“Yes, he is twenty-one years old; he knows all about tree-clipping, which is the most necessary thing of all—he knows how to read and how to write; but that is not all; he must have influence.”
“Well, Master Yeri, I still have some influence in the Department of Forests and Rivers. This day fortnight, or three weeks at the latest, Karl Imnant shall be Assistant Forester of the Grinderwald, and I ask the hand of your daughter Charlotte for this brave young man.”
At this request, Charlotte, who had blushed and trembled with fear, uttered a cry and fell back into her mother’s arms.
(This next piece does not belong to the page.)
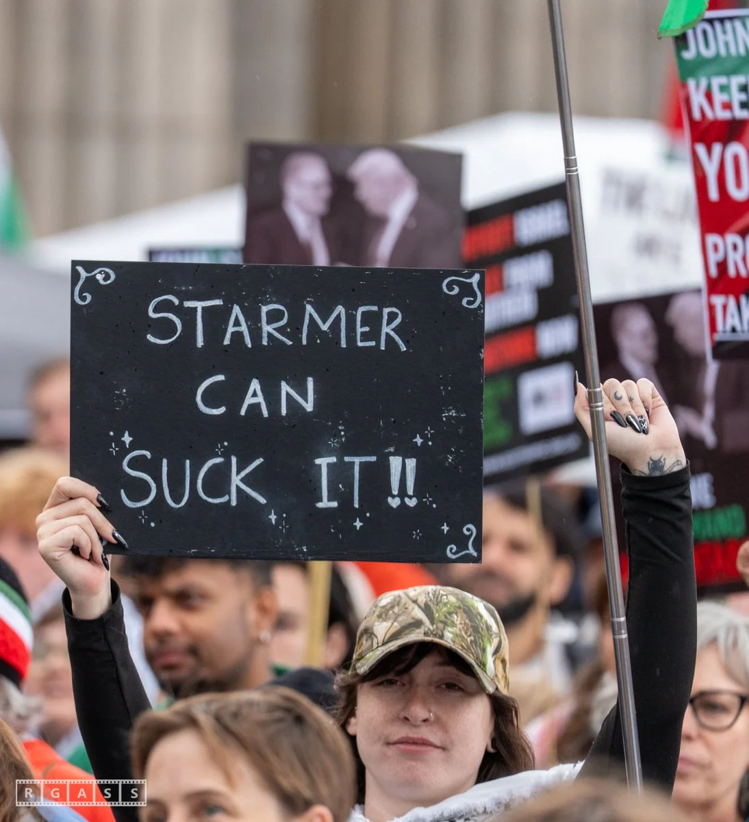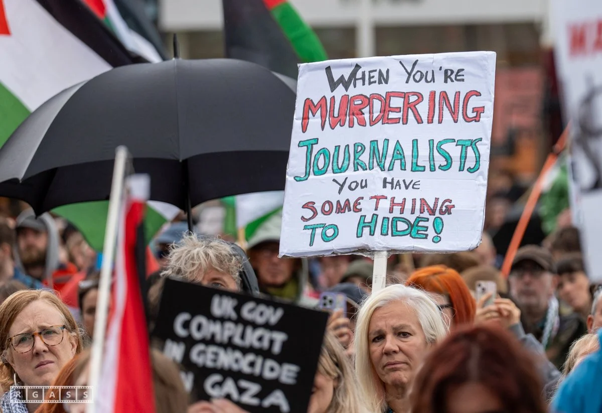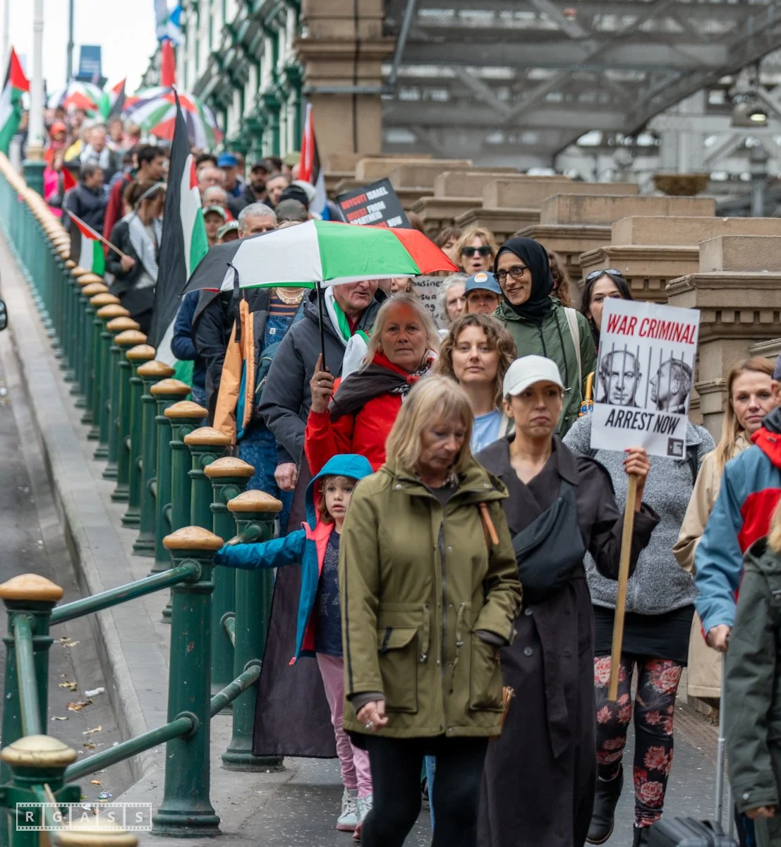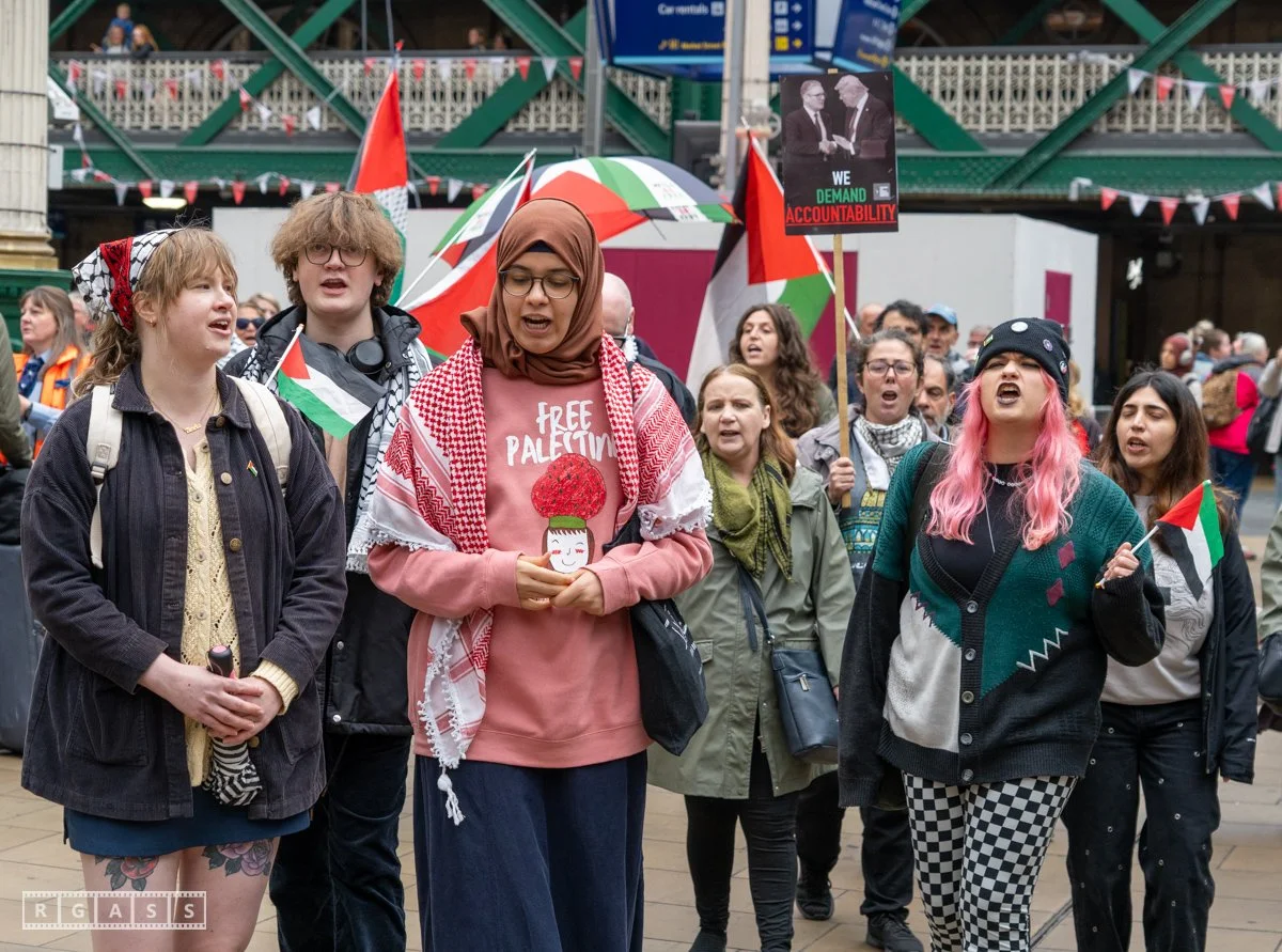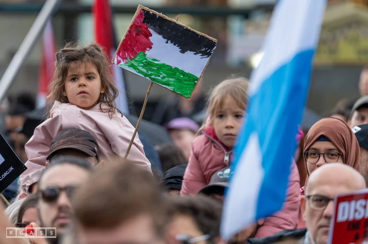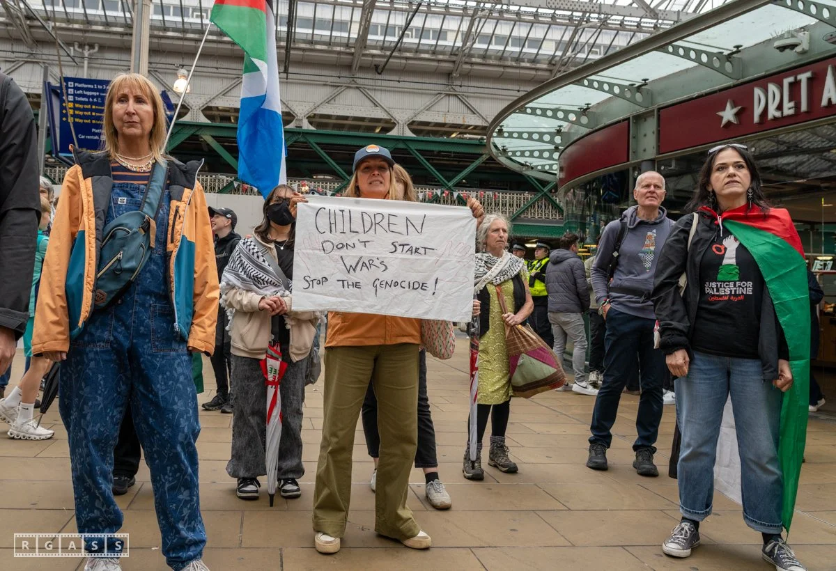 Edinburgh UK. 13 September 2025. Scottish National Demonstration for Palestine “Gaza is being Eroded, Stop the Annihilation”. Static demonstration at the foot of the mound. After the Scottish National Demonstration for Palestine protesters walked to Waverley Station and waited together on the concourse for the train to Glasgow

Her father looking at her severely, said: “What is the matter, Charlotte? Do you refuse?”
“Oh, no, no, father—no!”
“That is as it should be! As for myself, I should never have refused any request of Mr. Zacharias Seiler’s! Come here and embrace your benefactor.”
Charlotte ran toward him and the old man pressed her to his heart, gazing long and earnestly at her, with eyes filled with tears. Then pleading business he started home, with only a crust of bread in his basket for breakfast.
Fifteen days afterward, Karl Imnant received the appointment of forester, taking his father’s place. Eight days later, he and Charlotte were married.
The guests drank the rich Rikevir wine, so highly esteemed by Yeri Foerster, and which seemed to him to have arrived so opportunely for the feast.
Mr. Zacharias Seiler was not present that day at the wedding, being ill at home. Since then he rarely goes fishing—and then, always to the Brünnen—toward the lake—on the other side of the mountain.